Several moms, including Jenny Perez, underestimated the time it would take to walk to school and arrived after classes had started. Perez walked the deserted hallways with 8-year-old Chloe and 9-year-old Kyle until another parent gave her directions.
Fran Paich and her sons Moggy and Bryce, both kindergarteners, also arrived late. Spellbound by their new surroundings, the kids got sidetracked looking for miniature frogs in the lush landscaping. They finally managed to find the right classroom with some help from a parent volunteer.
Once the school day began, it was business as usual. In Amy Seibert's class, Caroline Dunning, 6, showed her classmates photos of her family's weekend trip to Disney World. At lunch time, kids feasted on fried chicken and honey-wheat rolls. In Cheryl Copeland's music class, they sang "Kookaburra sits in the old gum tree" in three-part harmony.
Principal Lisa Grant, who was recently assigned to Gulfport from Maximo Elementary, spent the day visiting classrooms and introducing herself to the children. She welcomed them to their "new palace."
Construction supervisors also circulated throughout the day, inspecting what turned out to be a collaborative effort of the architect, the School Board and the city of Gulfport. Concerned that a cookie-cutter prototype would replace the charm and character of the 1920s-era edifice, alumni and Gulfport residents had asked if a portion of the school's Mediterranean style could be retained before the building was demolished last spring.

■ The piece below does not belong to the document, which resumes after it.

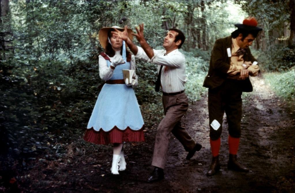 Pas nécessairement le film « de trop », mais le film du « trop-plein », comme nous l’évoquions un peu plus haut. Et de ce ras-le-bol découlera une impression d’agressivité mal contrôlée, puisque plus que jamais Godard semble détester, mépriser au plus haut point les personnages de son film. Et comme il n’aime pas les protagonistes de son récit, il opte pour des acteurs qu’il ne porte pas tellement non plus dans son cœur, et venus du cinéma de Georges Lautner / Michel Audiard. Pour l’anecdote, Mireille Darc évoquait sa rencontre avec Godard dans ses mémoires (« Tant que battra mon cœur », XO Éditions, 2005). Ses propos pourront certainement nous éclairer sur l’état d’esprit du cinéaste à l’époque : « La rencontre a lieu. Godard m’adresse à peine la parole, l’air excédé derrière ses grosses lunettes, et cependant oui, il est d’accord, nous allons tourner ensemble. Quoi ? Il ne me le dit pas. Peut-être ne le sait-il pas encore. Quand je lui demande pourquoi il consent à ce sacrifice, il a cette réponse qui me passe l’envie de rire : Parce que vous m’êtes antipathique, parce que je n’aime pas le personnage que vous êtes dans vos films, comme dans la vie, et que le personnage de mon film doit être antipathique. Ah, j’oubliais : vos cheveux sont trop blonds, faites-les châtain clair. Et venez sans maquillage, juste un peu les yeux, et encore… Bon, je vous rappelle ! ». Plus distancié, mais également plus narquois, Jean Yanne déclarera quelques mois après la sortie du film dans le quotidien Paris Jour : « Pour les gens qu’il dirige, Godard est un metteur en scène tout à fait classique. Je ne vois pas de différence, par exemple, entre Jean Girault et lui. C’est au montage que les genres diffèrent: des scènes qui pourraient être drôles avec Girault deviennent méchantes avec Godard. » Une déclaration réjouissante dans le sens où on suppose que le fait d’être comparé au réalisateur de la série du Gendarme de Saint-Tropez n’a pas du beaucoup plaire à Godard…

The contractor and the district agreed, substituting a red tile roof for the standard metal roof other elementary schools have. Decorative tiles and precast medallions were laid into the concrete and a decorative band was added to the building's upper perimeter. One of the school's two original arches was removed from the rest of the building and erected at the entrance of the new school.
Special care was taken to preserve most of the property's two-dozen oaks.
Despite the extra work, the school was built in just under 13 months, project manager Brian Murphy said. There was pressure to finish quickly because a new group of students is coming in August to Sanderlin Elementary, the school the Gulfport children inhabited for the past year.
Sanderlin, which will offer a Primary Years International Baccalaureate program, was one of three St. Petersburg schools built as part of a court settlement to end busing for desegregation.
At the end of the day, as safety patrols took their places and parents began arriving by car and on foot to gather their children, Grant, the principal, sighed with relief.
"Considering the kids didn't know where their classrooms were, everything went really well," she said.